The data:
----------
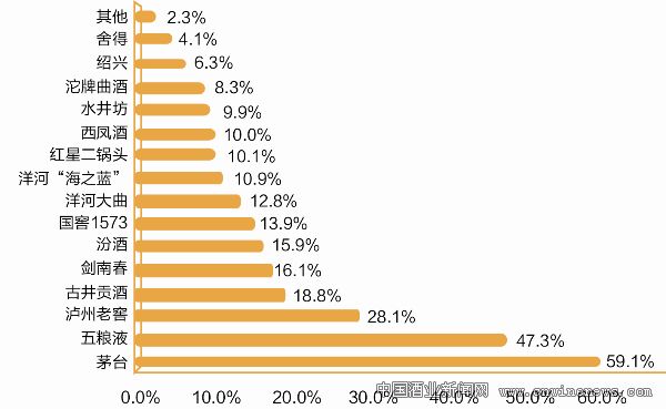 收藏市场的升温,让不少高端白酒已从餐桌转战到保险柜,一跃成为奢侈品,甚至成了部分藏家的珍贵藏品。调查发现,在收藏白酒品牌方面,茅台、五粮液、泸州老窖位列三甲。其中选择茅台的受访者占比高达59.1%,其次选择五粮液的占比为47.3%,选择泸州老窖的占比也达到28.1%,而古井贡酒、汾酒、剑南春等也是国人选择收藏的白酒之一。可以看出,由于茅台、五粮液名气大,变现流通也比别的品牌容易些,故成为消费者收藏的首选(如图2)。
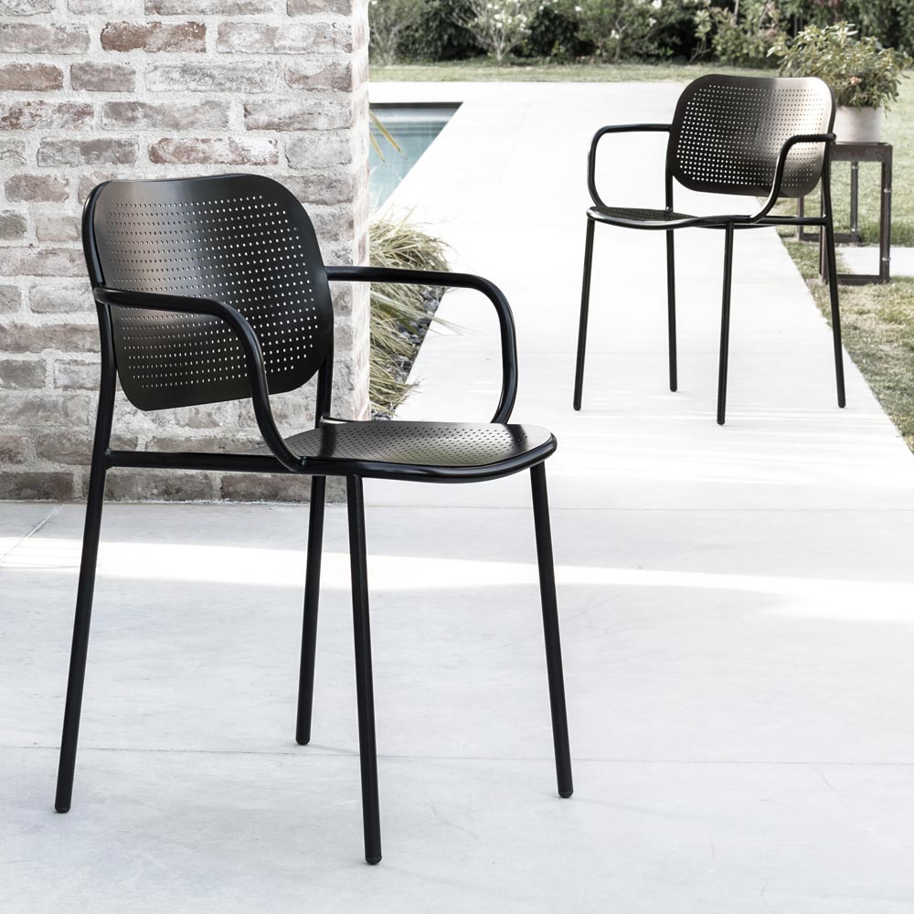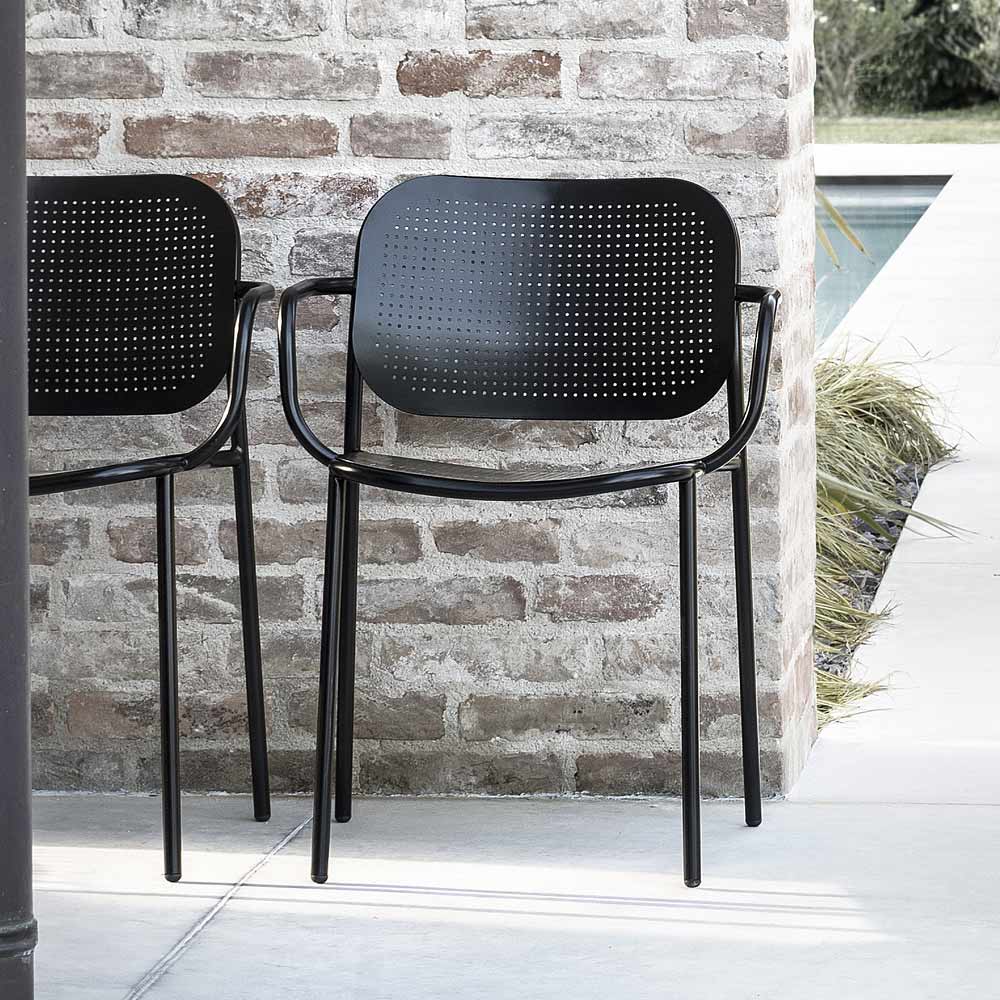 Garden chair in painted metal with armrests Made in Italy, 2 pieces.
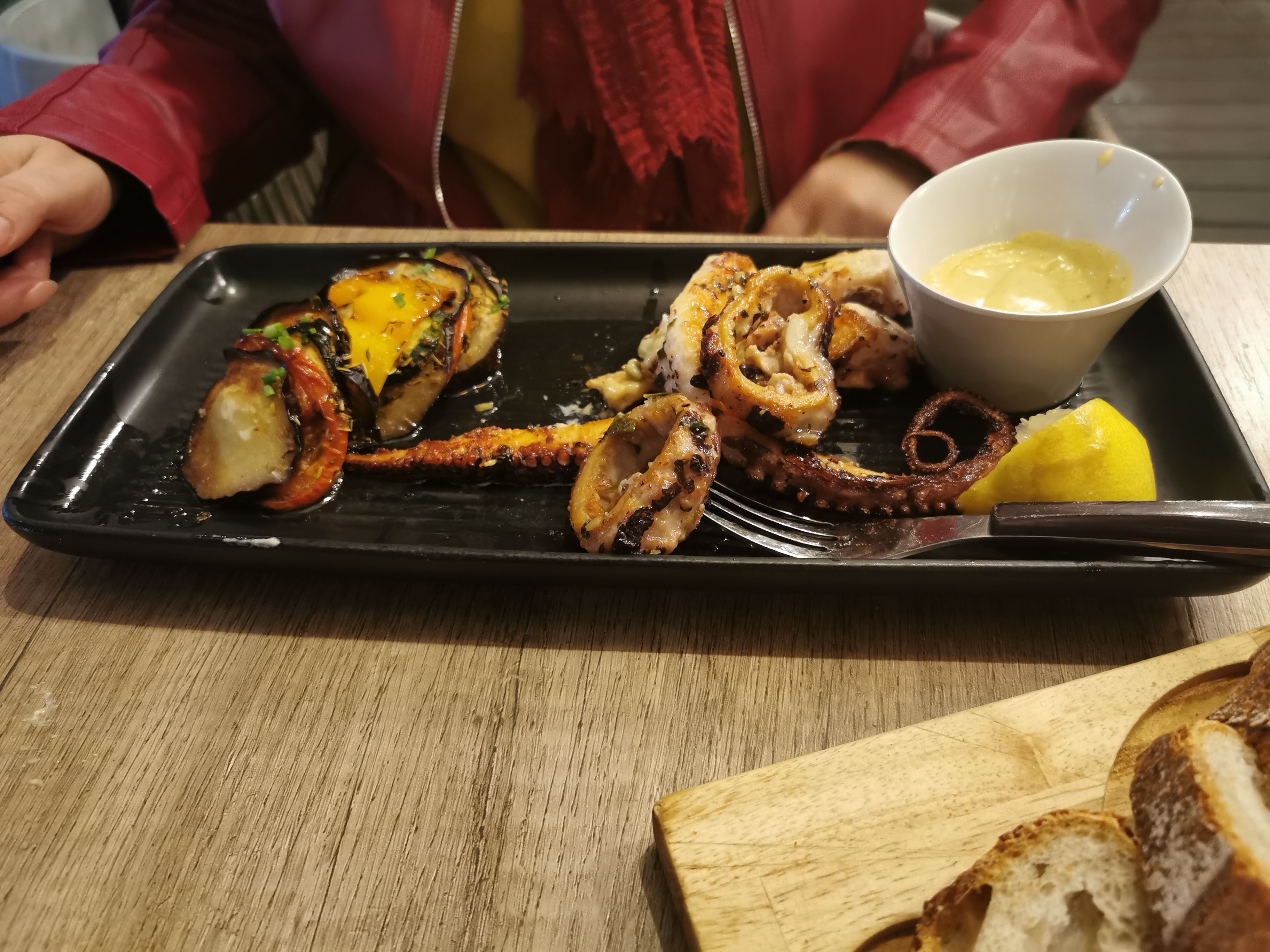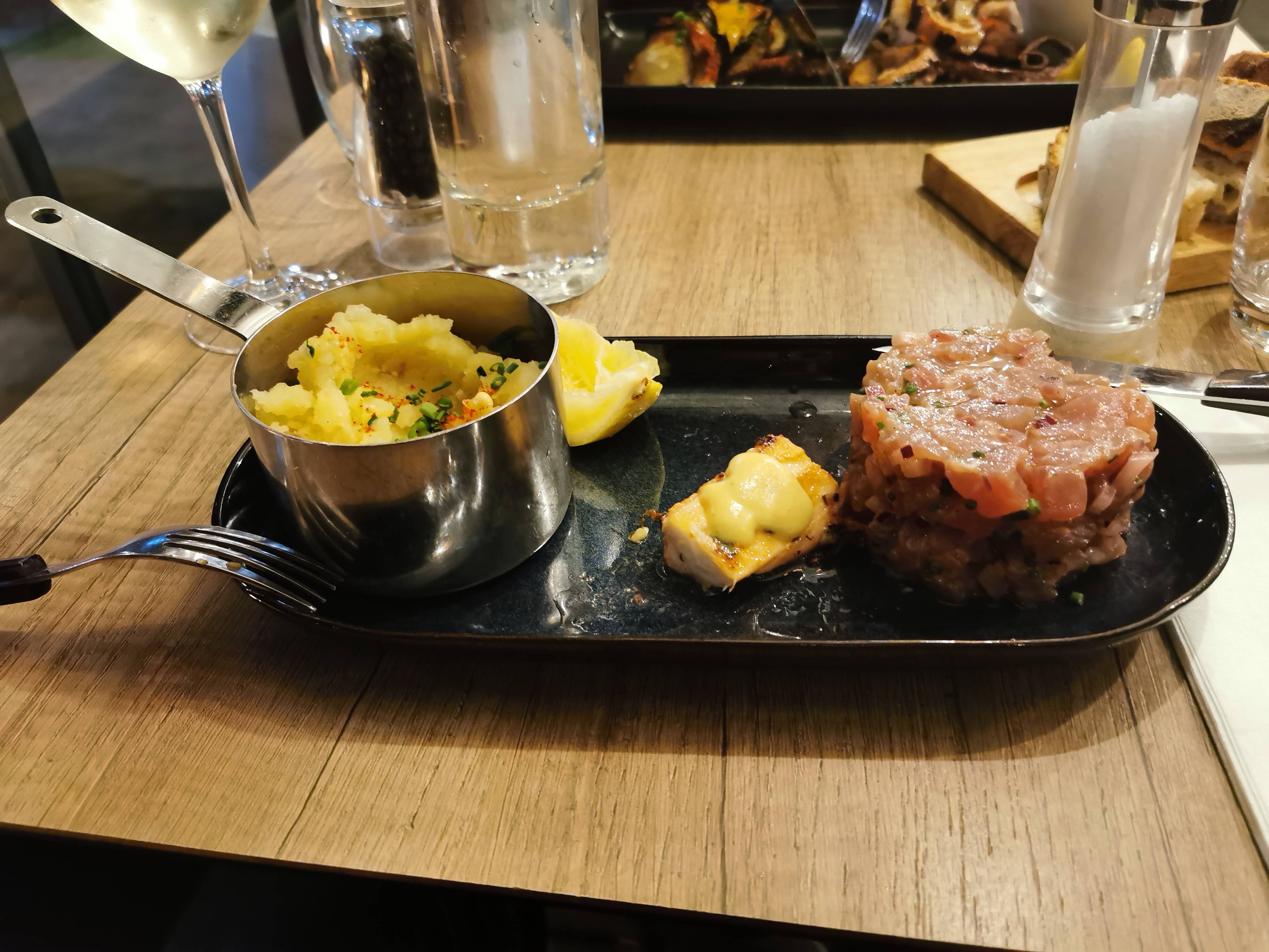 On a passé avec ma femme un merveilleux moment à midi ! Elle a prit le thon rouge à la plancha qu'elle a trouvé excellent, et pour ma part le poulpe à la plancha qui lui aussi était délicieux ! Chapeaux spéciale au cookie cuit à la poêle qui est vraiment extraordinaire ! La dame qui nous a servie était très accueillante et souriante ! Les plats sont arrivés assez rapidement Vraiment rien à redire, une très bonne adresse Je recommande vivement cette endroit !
----------
What is needed:
A word-for-word copy of the listing is needed, with no pictures in it.

Solution to the exercise:
 收藏市场的升温,让不少高端白酒已从餐桌转战到保险柜,一跃成为奢侈品,甚至成了部分藏家的珍贵藏品。调查发现,在收藏白酒品牌方面,茅台、五粮液、泸州老窖位列三甲。其中选择茅台的受访者占比高达59.1%,其次选择五粮液的占比为47.3%,选择泸州老窖的占比也达到28.1%,而古井贡酒、汾酒、剑南春等也是国人选择收藏的白酒之一。可以看出,由于茅台、五粮液名气大,变现流通也比别的品牌容易些,故成为消费者收藏的首选(如图2)。
 Garden chair in painted metal with armrests Made in Italy, 2 pieces.
 On a passé avec ma femme un merveilleux moment à midi ! Elle a prit le thon rouge à la plancha qu'elle a trouvé excellent, et pour ma part le poulpe à la plancha qui lui aussi était délicieux ! Chapeaux spéciale au cookie cuit à la poêle qui est vraiment extraordinaire ! La dame qui nous a servie était très accueillante et souriante ! Les plats sont arrivés assez rapidement Vraiment rien à redire, une très bonne adresse Je recommande vivement cette endroit !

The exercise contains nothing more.